We will use the island model to improve the overall optimization. Each island works just on a small fraction of solutions and is thus faster as when operating on a single large population.

```
sel = migration.best_s_policy(10)
rep = migration.fair_r_policy(10)
archi = archipelago(topology = topology.fully_connected())
pop = population(prob,39)
# we inject the solution of the single-objective optimization here to get a population of 100
pop.push_back(x_so)
isl = island(alg,pop,s_policy=sel, r_policy=rep)
archi.push_back(isl)
# we fill up the archipelago with 9 other island initialized by random without injection
for i in range(9):
archi.push_back(island(alg,prob,40,s_policy=sel, r_policy=rep))
archi.evolve(40)
archi.join()
```

The injected solution will spread by migration to all other islands in the archipelago. After enough generations, all islands should have converged to similar fronts.

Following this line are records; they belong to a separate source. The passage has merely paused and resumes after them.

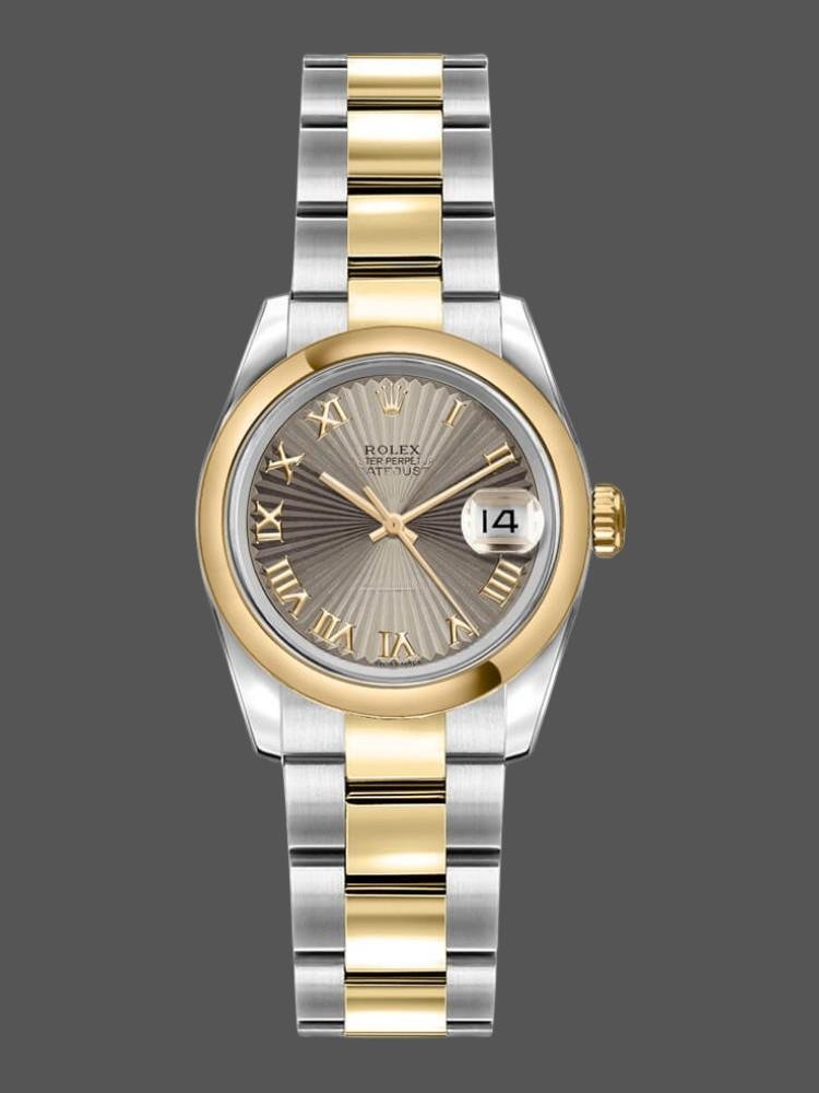 Rolex Datejust 179163 replica watch for women, Sunbeam gray dial, domed bezel, 26 mm. 26mm yellow gold stainless steel case, domed bezel. Sunbeam gray dial with Roman numeral hour markers. Date display at 3. Scratch resistant sapphire crystal. Screw-down crown. The reliable yellow gold and stainless steel Oyster bracelet will look perfect on your wrist.
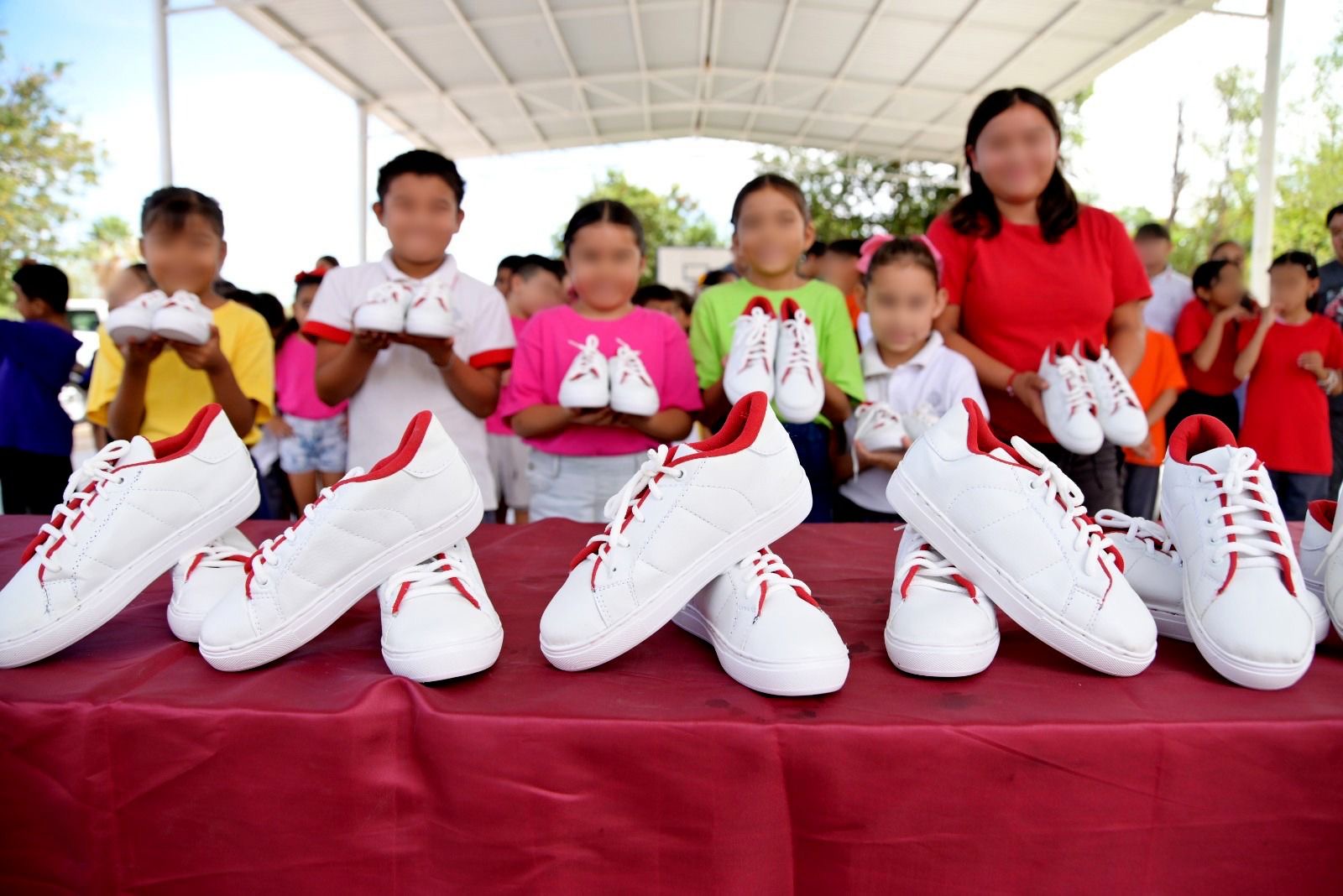 El Ayuntamiento de Gómez Palacio, a través de la Dirección de Bienestar Social, llevó a cabo la entrega de 73 pares de calzado deportivo a igual número de estudiantes de la escuela primaria Narciso Mendoza, ubicada en la comunidad de El Castillo, cumpliendo así con el apoyo a la totalidad del alumnado.
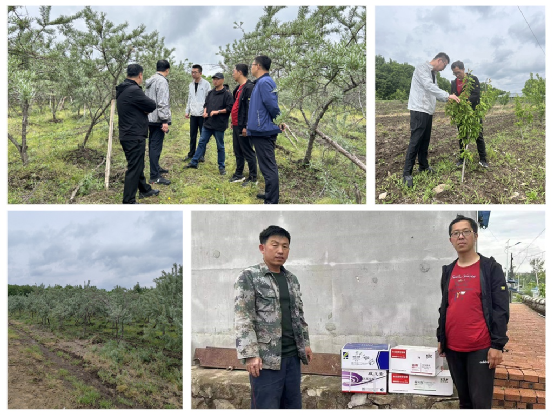 在孟家岗镇东胜村,专家们深入沙棘种植基地进行技术指导,该村是我省沙棘种植单片面积最大的果园,种植面积70公顷。由于去年沙棘产量过高导致今年大小年严重,春季做果率过低,同时部分果树根部及树干产生病害,园区负责人表示,春季用无人机进行打药,但是防治效果不明显。针对这一情况,科技特派员刘畅、唐克、张武杰对果园老弱病树提出补救建议,同时对药剂正确防治进行指导,并对沙棘新果园如建设及幼树整形修剪提出合理规划。园区负责人表示未来将加强与农科院专家联系与沟通,提高沙棘园果实产量和品质。正值苹果、李子等果树果实膨大期,专家们又来到大八浪铁山村,科技特派员刘畅对花后座果情况进行调查,同时针对果实膨大期叶片和果实易发生虫害的用药情况给与指导,并赠送相关药剂。
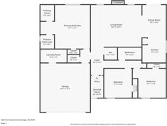 The primary bedroom is set apart from the secondary bedrooms, offering added privacy and generous proportions. An attached bathroom includes a wide vanity and a tub/shower combination, while two additional bedrooms are arranged nearby with convenient access to the second full bathroom. The bedroom wing balances openness and separation, creating a layout that adapts easily to different living needs.

Lets put them all together in a single population and have a look at the Pareto-front:

```
pop = population(prob)
for isl in archi:
for ind in isl.population:
pop.push_back(ind.cur_x)
pop.plot_pareto_fronts()
# highlight the solutions of the 1st island with red
archi[0].population.plot_pareto_fronts(rgb=(1,0,0))
ylabel('total travelling time in days')
xlabel('total Delta-V in m/s')
```

You see a discontinuity in this picture which is very interesting: It allows you to save over a year of travelling time by just using a bit more Delta-V around 4709 m/s.